Comment by Brandon Purcell on November 19, 2014 at 3:01pm

Hi Richard,

Thanks for your article.  While I agree with you that it's important to "experience the customer experience," I disagree with the statement that "Data does not provide any insight as to how a customer feels. Data has no emotional or cognitive aspects."

Working with Voice of the Customer data in the form of customer emails, call center transcripts, social media posts, and responses to open-ended survey questions, I see customer emotion in data all the time. For instance, there is clearly some strong emotion contained in the tweet below:

@DigitalSkraps: i HATE @comcast with every ounce and molecule in my being.

Text analytics allows us to identify comments with emotion, categorize them, quantify them, and track them over time. The next step in this case would be to search for the co-occurrence of the emotion "hatred" for Comcast and different aspects of the customer experience to find out what is driving this emotion.
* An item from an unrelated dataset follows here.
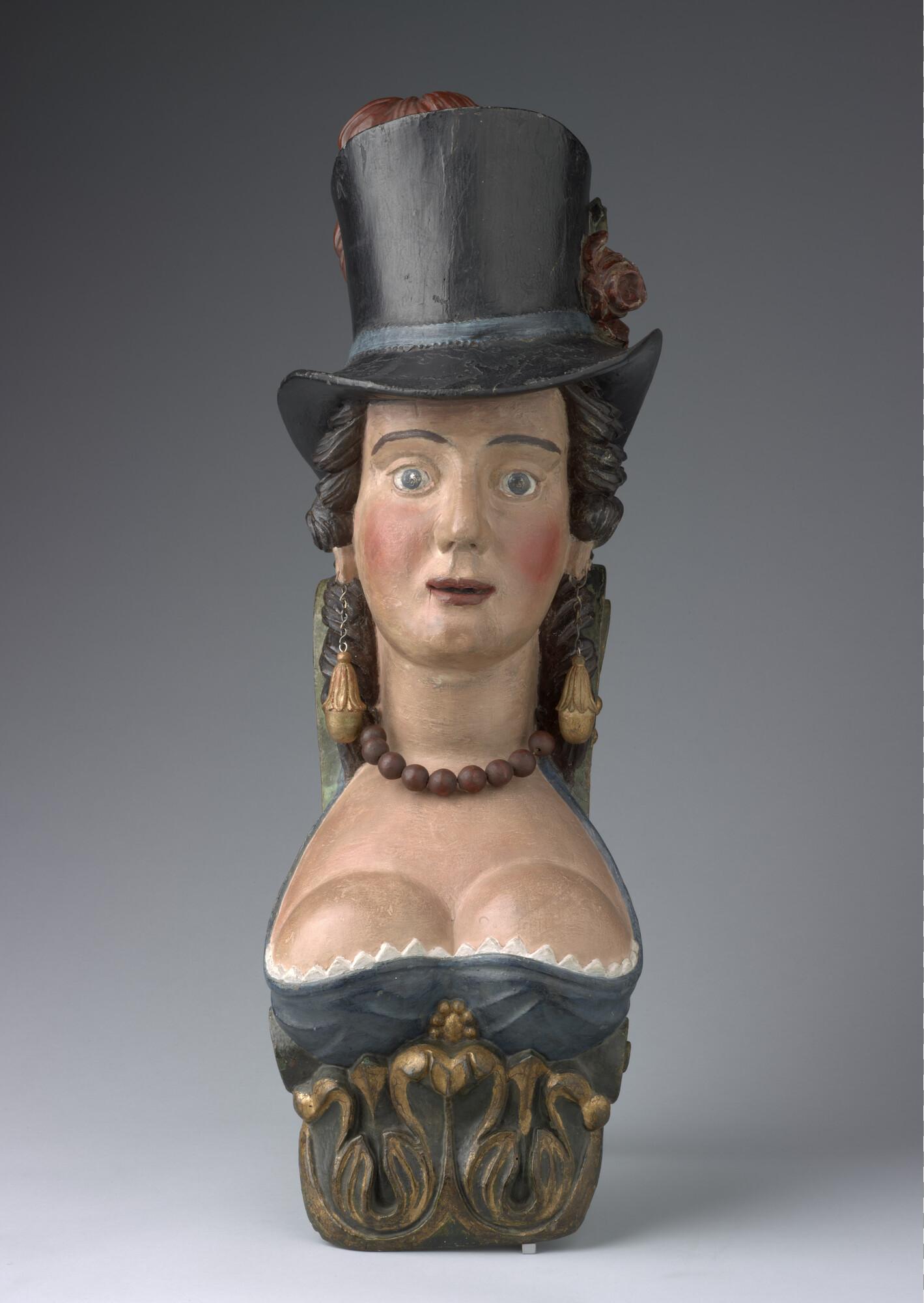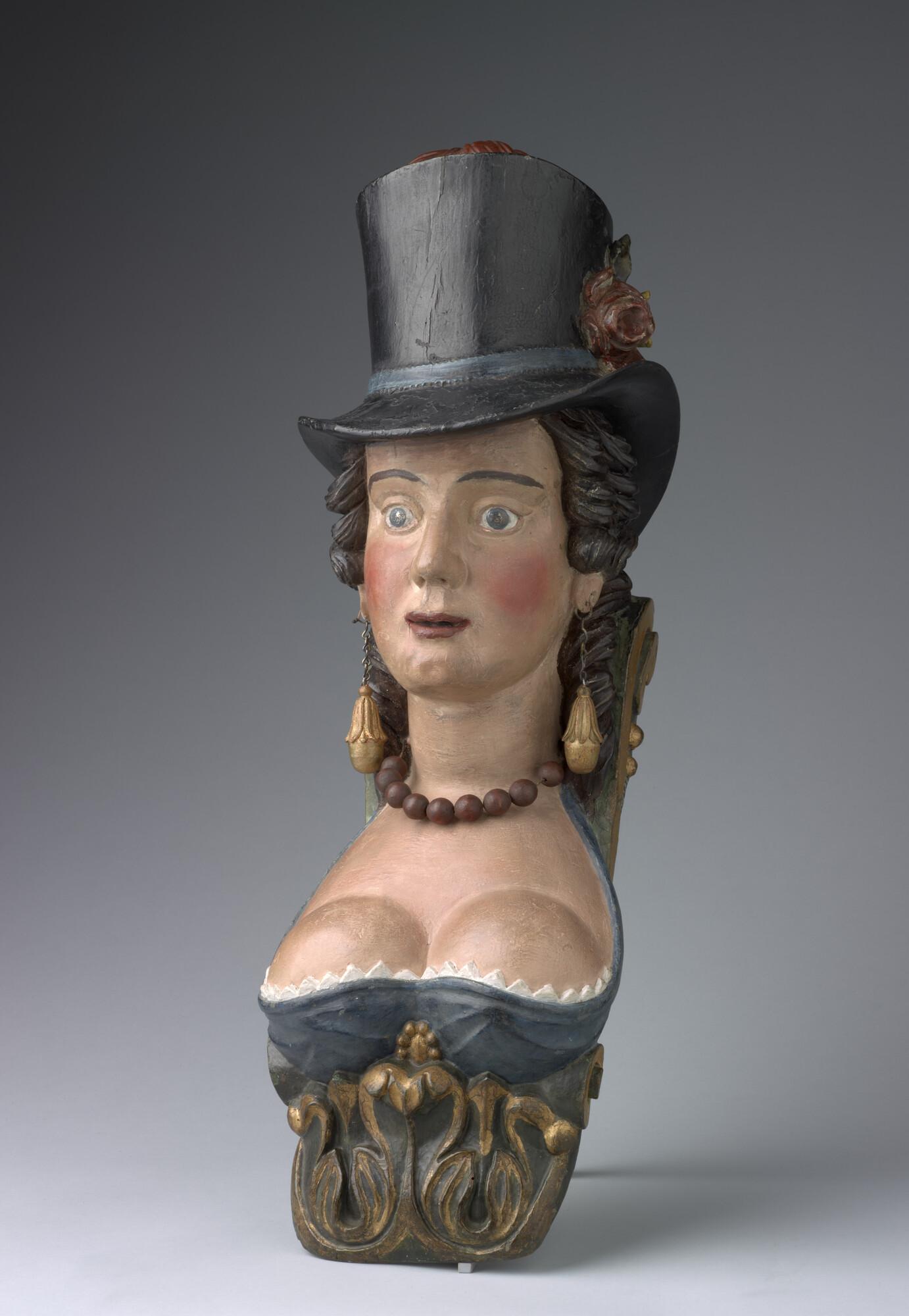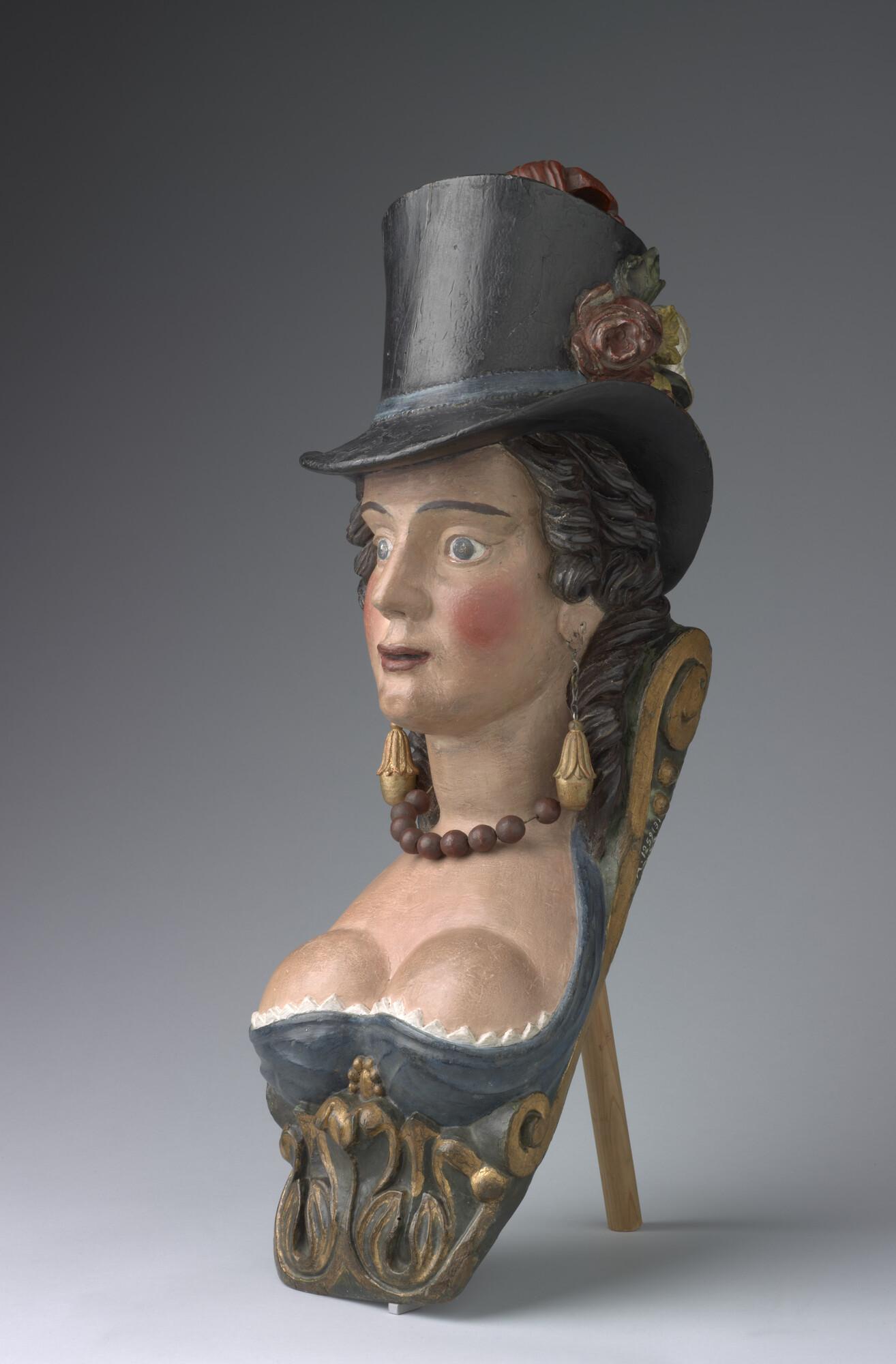 Roerkop in de vorm van een vrouwenhoofd met een hoge hoed, 'Amazone'

The article suggests walking a few steps in the customer's shoes. This will definitely reveal the aspects of the experience that a particular employee finds painful on a certain day. Text analysis of Voice of the Customer data, however, can tell you which aspects of the experience CUSTOMERS find most frustrating every day. And it allows you to quantify the impact of the problem so you can prioritize action.

So, I agree putting yourself in the shoes of the customer is a part of the solution. But to truly listen to customers, you need a much larger data-driven strategy.